Я встал и пошел, медленно и неуверенно… Что я терял? По логике событий, застрелить меня не требовалось, а если и будут стрелять, какая разница? Дважды не убьют, все равно жизни три дня осталось…

Я миновал полицейского в дежурном окне, он сидел что-то писал и как будто меня не заметил, и… остановился перед дверью на улицу. Меня никто не держал и никто за мной не гнался. Мне хотелось жить! Но я не знал, как! Что будет, когда я выйду на свободу? Куда я пойду? Кто меня ждет? Есть ли у меня друзья? Один я должен буду разбираться со всем этим хаосом, свалившимся на меня, или со мной кто-то пойдет рядом?

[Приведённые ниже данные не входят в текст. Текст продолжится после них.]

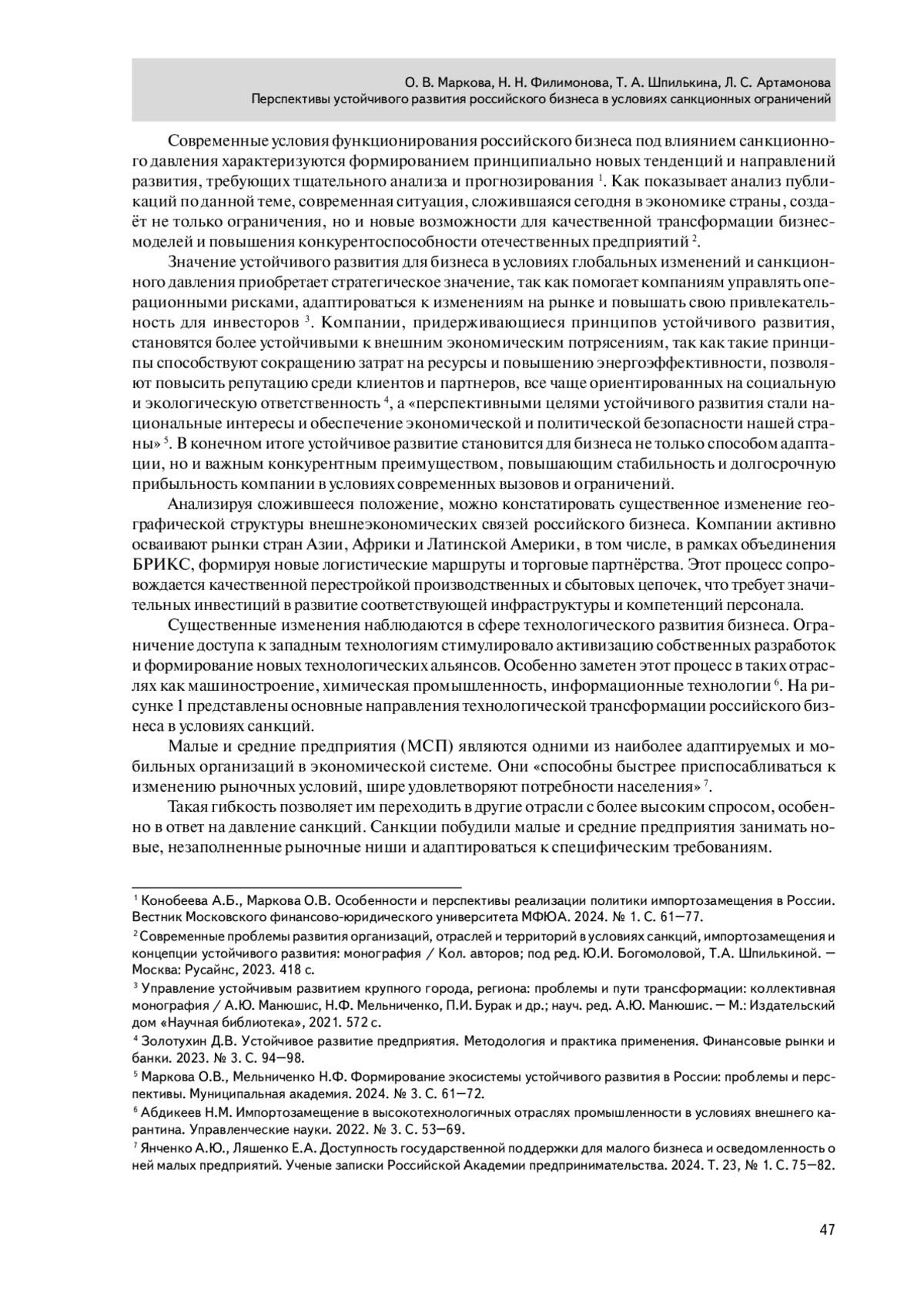 11. Шпилькина Т.А., Филимонова Н.Н., Артамонова Л.С., Шишова И.А. Тенденции развития отраслей и секторов экономики России в условиях санкций, импортозамещения и концепции устойчивого развития. Ученые записки Российской Академии предпринимательства. 2022. Т. 21, № 3. С. 68-76.

Я зажмурился и рванул на себя дверь! Свет ослепил меня. Он был настолько ярким, что казалось, светило сразу тысяча солнц. Я испугался, что это были фары полицейских машин, и попытался отпрянуть. Роман стоял сзади и не дал мне сделать шаг назад в тюрьму:

— Иди! Не бойся! Если решился, не оглядывайся назад и иди до конца.

По-прежнему ничего не видя от яркого света, я шагнул вперед. Голова закружилась, я начал судорожно глотать воздух ртом, теряя сознание, и вдруг услышал:

— Он очнулся! Сюда! Скорее! Софья Леонидовна! Он очнулся!

Я медленно начал открывать глаза и обнаружил себя лежащим в палате с кучей трубочек, опутавших меня, и приборов вокруг…

Подбежала Софья.

— Сергей Федорович! Безумно рада вас видеть, — произнесла она, улыбаясь. — Если вы слышите меня, моргните два раза.

Я моргнул, совсем не понимая, зачем она со мной так разговаривает.

— Очень хорошо! Мы будем стараться постепенно вернуть вас к полноценной жизни. Вы, пожалуйста, проявите терпение. Не все сразу! Два года комы… Не каждому счастливится из нее выйти! Я схожу, позову профессора, а Лиза побудет рядом… Она ваша спасительница…

— Ой, Сережа, это не я ваша спасительница, а Софья Леонидовна! Она очень старалась, и профессор — да!

Девушка была милой и что-то щебетала, поправляя проводочки и что-то еще, — я плохо воспринимал информацию.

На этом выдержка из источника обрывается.